Os dois e-mails de Bill Clinton

Pouco antes de Clinton sair da presidência de Eviland, assisti a uma entrevista em que ele discorria sobre futuro e tecnologia.

Poucas vezes vi alguém tão preparado, tão consistente e tão seguro do que estava falando. Parecia que Clinton tinha feito isso a vida inteira, que passava suas tardes conversando com gurus das melhores universidades do mundo.

Como eu sempre soube que Clinton era mais inclinado a descobrir usos inovadores e gostosos para charutos a especular sobre o futuro da tecnologia, fiquei pensando que aquilo, sim, era uma assessoria competente. O que nem de longe é um demérito para ele. Clinton era a prova de que um sujeito que escolhe assessores mais inteligentes que ele é mais inteligente que seus assessores. E o seu carisma era algo de outro mundo.

Mas jamais poderia imaginar que o seu uso da tecnologia fosse tão ínfimo: em 8 anos na Casa do Mal Branca, Bill Clinton mandou exatos 2 e-mails pessoais.

Cada dia mais admiro Bill Clinton. É um artista.

Palavras, palavras, palavras

Conversando com um amigo, começamos a lembrar as tiradas de um político que ambos conhecemos.

A minha história era curta. Numa campanha, esse político começou escrevendo seus próprios discursos — o que para mim era uma maravilha, já que eu tinha outras partes do programa de TV e outros candidatos para cuidar. Um dia ele me chamou para dar uma olhada em seu texto.

“Senador, está bom. Mas essa referência ao “regime discricionário” é esquisita, ninguém vai entender. Coloque ditadura.”

“Você tá louco, Rafael?
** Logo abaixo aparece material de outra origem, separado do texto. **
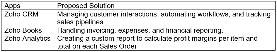 • Developed a custom report in Zoho Analytics to show item-wise and total profit margins on Sales Orders.

Eu fiz parte daquela bosta!”

A partir desse dia passei a escrever seus discursos na TV.

De carapinhas e pixains

Como é bom viver em um país que não é racista.

É curioso o modo como algumas pessoas concedem em admitir, candidamente, que alguns negros são bonitos. E citam, por exemplo, Denzel Washington. Com isso talvez tenham a sensação de que não são racistas, porque afinal de contas conseguem achar um negro bonito.

Sensação falsa. Os negros admitidos como “bonitos” são aqueles que, em geral, têm traços próximos ao caucasiano. Quanto mais afilado for o nariz de um negro, mais bonito ele é. Quanto mais finos forem seus lábios, mais bonito ele é.

Isso não tem nada a ver com sexo. Nesse aspecto, pelo menos, somos bastante democráticos — Gilberto Freyre fala que essa sensualidade percebida em uma pele mais escura vem já de Portugal, quando a loura do norte era para casar e as morenas do sul, com forte sangue mouro, eram para a saliência nossa de cada noite. Admiramos a bunda grande da negra, porque isso nos inspira sexualmente. E se essa negritude é “amaciada” pela infusão de sangue branco, no caso das mulatas, é melhor que o paraíso dos muçulmanos.

Esteticamente é diferente, entretanto. Este povo mestiço, ansioso por embranquecer, não consegue achar a raça negra bonita. Até que se esforça — que não se compare o racismo brasileiro ao americano –, mas é incapaz em ver a beleza negra em si, porque aplica seus padrões europeus a algo que tem seus próprios valores. Não é que achem negros realmente bonitos; acham brancos escuros bonitos, o que é bem diferente. Quantas pessoas não dizem que “não é que eu não seja racista; eu só não acho negro bonito”?

Como qualquer ideologia dominante, esse comportamento, de certa forma, é absorvido pelos próprios negros. Há outra razão para a moda de se raspar os cabelos? É como se, já que que não se pode esconder a cor da pele, que se elimine alguns dos indícios desse traço pouco recomendável na sociedade. Como se dissessem “pixaim bom é pixaim raspado”. A moda dos anos 90 de pintar os cabelos de louro, embora irreverente, debochada, no fundo era a mesma coisa: apontava para a discrepância de padrões estéticos e uma negação dos próprios valores.

O black power, imbuído da noção de enfrentamento e afirmação da força da raça (eu não gosto do termo; porque gente não é cachorro, e porque geneticamente não há diferença entre eu, um norueguês quase albino, um negão, um japonês e Raoni — com exceção daquele treco lindo que ele coloca na boca), valorizava o que era intrinsecamente negro: a carapinha crescia em direção ao céu, orgulhosa de sua forma e textura. Isso parece ter se perdido; e o resultado é a predominância dos valores europeus.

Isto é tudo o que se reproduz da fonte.